In permutation, we select the things and then arrange them to check out different possible ways of arrangement. So basically permutation is a two-step process.

The formula used for permutation is ^{n}P_{r} = n!/(n-r)!

Suppose we have 5 persons and we have to arrange them on 3 vacant places. Then first of all, we will choose 3 persons from 5. We can do that in ^{5}C_{3} different ways. After choosing 3 persons, we will have to arrange them on the 3 vacant places, for that we will use factorial concept. The total ways to arrange 3 persons on 3 places are 3!

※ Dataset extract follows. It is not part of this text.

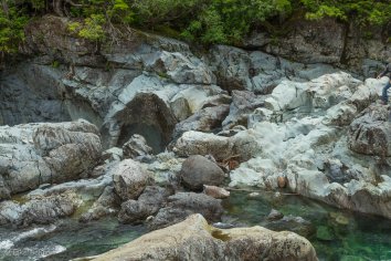 Als nächste folgt ein ganz spontaner Halt: Direkt am TC4 kommen wir an einer Haltebucht vorbei, in der einige Autos parken und viele Leute laufen abseits der Straße mit Kameras herum. Na, das schauen wir uns doch auch mal an. Grund für den Auflauf ist ein netter kleiner Creek — ich glaube, Wally Creek stand auf dem Schild — und wir knipsen ein paar Bilder.
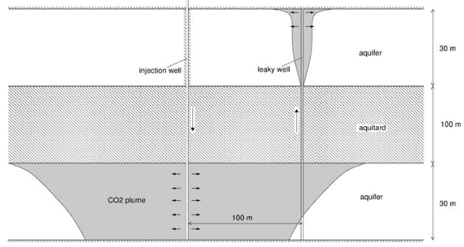 The leakage scenario considered here involves one CO2 injection well, one leaky well, two aquifers and an aquitard. The setup is illustrated in the figure below. The leaky well connects the two aquifers. CO2 is injected into in the lower aquifer, comes in contact with the leaky well and rises to the higher aquifer. The advective flow (including the buoyancy effects) of CO2 in the initially brine-saturated aquifers and through the leaky well is the most important process in this problem.

So total ways to arrange 3 persons from total 5 on 3 vacant places will be:

^{5}C_{3}*3! = ^{5}C_{2}*3! = 5!/(2!*3!) * 3! = 5!/2! = 60 ways.

**Q.9) A wicket-keeper and a bowler are to be chosen out of a team having 11 players. In how many different ways we can do this?**

**Solution:** First of all, we will select 2 players from total 11 players. The ways of selection are ^{11}C_{2} = (11*10)/(1*2) = 55. After doing selection, we can arrange 2 players on 2 different positions in 2! = 2 ways. So total ways of selecting a wicket-keeper and a bowler = ^{11}C_{2 }*2! = 55*2 = 110

**Direct answer:** ^{11}P_{2} = 110

**Q.10) In how many ways can the letters of the word EQUATION be arranged so that all the vowels come together?**

**Solution: **In word ‘EQUATION’, we have 5 vowels (E,U,A,I,O) and 3 consonants (Q,T,N). According to question, all five vowels should come together so we will assume these 5 vowels to take one place and other 3 consonants will be arranged on 3 places, so total 4 places.

So ways to arrange these on 4 places will be 4! = 24

One important thing is that we can arrange the vowels order as well and we can do that in 5!= 120 ways.

So total ways = 24*120 = 2880

**Direct answer: **4!*5! = 24*120 = 2880

**Q.11) There are 7 candidates for 4 different posts. In how many ways we can fill the posts?**

**Solution:** First of all, we will select 4 candidates out of total 7 candidates. The ways of selection are,

^{7}C_{4} = ^{7}C_{3} = (7*6*5)/(1*2*3) = 35

After doing selection, we can arrange 4 candidates for 4 different posts in 4! ways = 24 ways.

So total possible number of ways to fill the posts = 35*24 = 840

**Direct answer:** ^{7}P_{4} = (7*6*5*4) = 840

**Q.12) Twenty students are participating in a race. In how many ways can the first three prizes be won?**

**Solution:** First of all, we will select 3 candidates from total 20 candidates. The ways of selection are,

^{20}C_{3} = (20*19*18)/(1*2*3) = 1140

After doing selection, we can arrange 3 candidates on 3 positions in 3! = 6 ways.

So total possible number of ways in which the first three prizes can be won = 1140*6 = 6840.

**Direct answer:** ^{20}P_{3} = (20*19*18) = 6840 ways

__Key points related to Permutation & Combination:__

__Key points related to Permutation & Combination:__

- Whenever we want to
**arrange n things at n places**, we have total n! ways of arrangement. - Whenever we have to
**select r things out of n,**we have total^{n}C_{r}ways of selection. - Whenever we have to
**select r things from n and then arrange those r things at r places,**we have total^{n}P_{r }ways. ^{n}C_{r}= n! / [r! x (n-r)!]^{n}C_{r}= nC_{(n-r)}^{n}P_{r}= n!/(n-r)!